A pre-emptive RBA rates strike

The Reserve Bank's last rate cut was clearly based on its concerns about Europe, but with domestic data still strong, a further reduction to the cash rate should not be expected unless offshore conditions implode.

The Reserve Bank minutes for its June board meeting shows that the decision to trim official rates by 25 basis points was finely balanced decision and how concerned the board members were about events offshore.

In fact that’s the expression – ‘’finely balanced’’ – that the board used to describe the arguments for and against a rate cut.

The board members weren’t concerned about domestic conditions, with domestic data not suggesting any significant wakening in conditions. They were, however, worried about the significant increase in uncertainty in Europe, the softening in global economic activity it was producing and the further risk-aversion it would generate in Australia and offshore.

From the minutes it is possible to come to a conclusion that if Europe stabilises the RBA will feel little pressure to cut rates further. That inclination to sit on its hands would have been reinforced by the recent surprisingly robust GDP and jobs numbers.

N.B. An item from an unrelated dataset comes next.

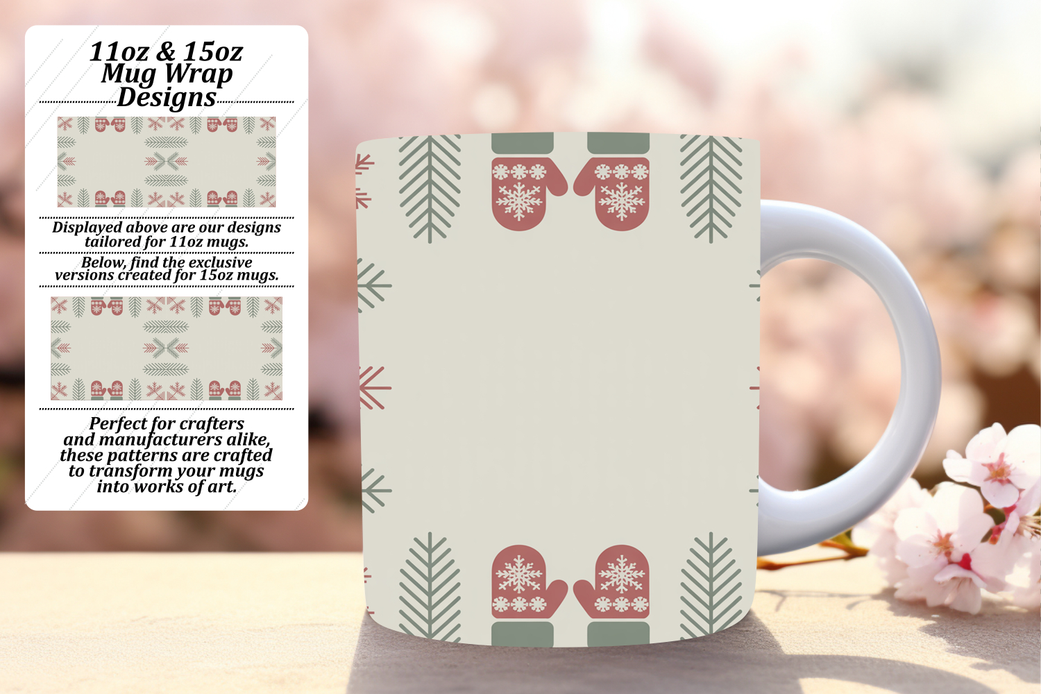 Creative 11oz Mug Wrap Png Design , Christmas

That is, however, a big ‘’if.’’

The outcome of the re-run of the elections in Greece, where the pro-bailout/austerity parties emerged with a majority, might have been expected to defuse the building tensions in Europe. Certainly a victory for the anti-austerity forces could have ignited chaos.

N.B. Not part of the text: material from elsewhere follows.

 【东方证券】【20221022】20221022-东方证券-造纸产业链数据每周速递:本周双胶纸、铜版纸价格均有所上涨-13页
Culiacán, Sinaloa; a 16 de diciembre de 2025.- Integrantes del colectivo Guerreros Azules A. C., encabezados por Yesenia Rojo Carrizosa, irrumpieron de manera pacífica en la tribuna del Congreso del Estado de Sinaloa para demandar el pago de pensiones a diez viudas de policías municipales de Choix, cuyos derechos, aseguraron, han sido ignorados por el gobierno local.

Any relief the markets felt, however, was very short-lived. The Greeks have bought themselves a bit of time, but even the pro-bailout parties want less austerity and the strength of the showing by the radical socialists underscores the continuing potential for social upheaval if the rest of the eurozone isn’t prepared to concede something substantial.

Worse, even as the election result was being broadcast the markets were focusing on a much bigger target, Spain, with the yields on its 10-year sovereign debt spiking above seven per cent despite a proposed $US125 billion bail-out of its banking system. Yields on Italy’s bonds are also on the move again.

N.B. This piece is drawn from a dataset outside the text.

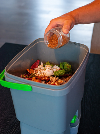 De fermentatie vindt plaats in een luchtdichte emmer. Je opent gewoon de container, en gooit er je keukenafval en plantenresten in. Vervolgens strooi je er een paar handjes micro-organismen overheen om het weer af te breken. Dat is alles wat je in de dagelijkse praktijk hoeft te doen.
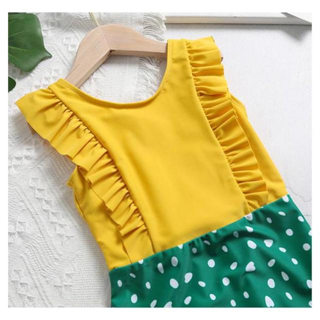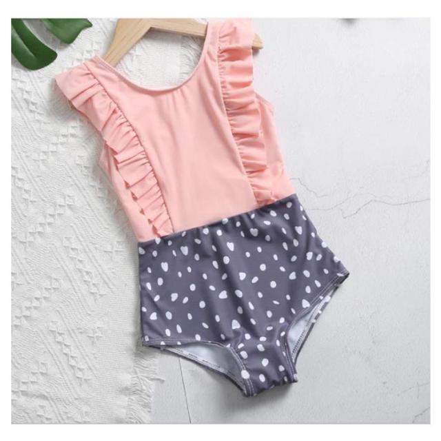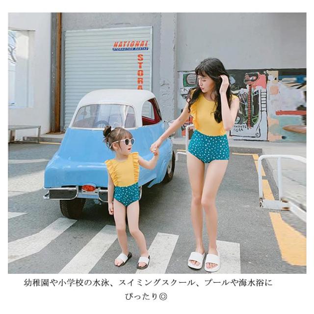 送料無料親子ペア 水着 キッズ 女の子 ワンピース 親子ペアルック ビキニ—水着 体型カバー オールインワン スイムウェア つなぎ ノースリーブ フリル かわいい ガールズ ジュニア 子ども ドット柄

Meanwhile, in Mexico, the G-20 leaders were urging the Europeans to do whatever it takes to defuse the eurozone crisis, including more growth-oriented policies – and being told by the Europeans to butt out and stop lecturing them on how to manage their affairs.

European Commission president Jose Barroso and European Council president Herman Van Rompuy are urging the rest of the world, and markets in particular, to focus on a scheduled European Union summit at the end of the month where they expected the EU to move closer to political and economic integration. Unfortunately, however, they are also warning not to expect early action.

‘’I can assure you that even if we in June will not take definitive decisions, the path, the trajectory is very clear for everybody. In this case the pace is less important than the decision we make,’’ Van Rompuy said.

Having watched the eurozone plunge into an ever-deepening and increasingly insoluble crisis over the past 12 months, all the while trying to buy time and continue kicking cans down the road, the rest of the world won’t take much comfort from that.

While in this economy the effects of the carbon tax and the contractionary effects of the May budget are yet to be felt, the 75 basis points of back-to-back reductions in official rates, most of which were passed on by the banks, will to some extent act as a counter-veiling force. The boom in resources investment and the spill-over effects for the wider economy is continuing despite China’s slowdown.

With the RBA’s cash rate having helped push average mortgage rates down to about 40 basis points below their long-term average, it would appear from the minutes that barring some shock domestic economic development, the RBA sees the last cut as pre-emptive and as insurance against external threat.

Unless that threat materialises – and given the inability of the Europeans to get their act together and come up with some kind of holistic approach to stabilising the eurozone, one can’t discount the continuing risk of an implosion in Europe that sends destabilising shock waves through global markets and economies – the minutes suggest that one wouldn’t bet on another rate cut anytime soon.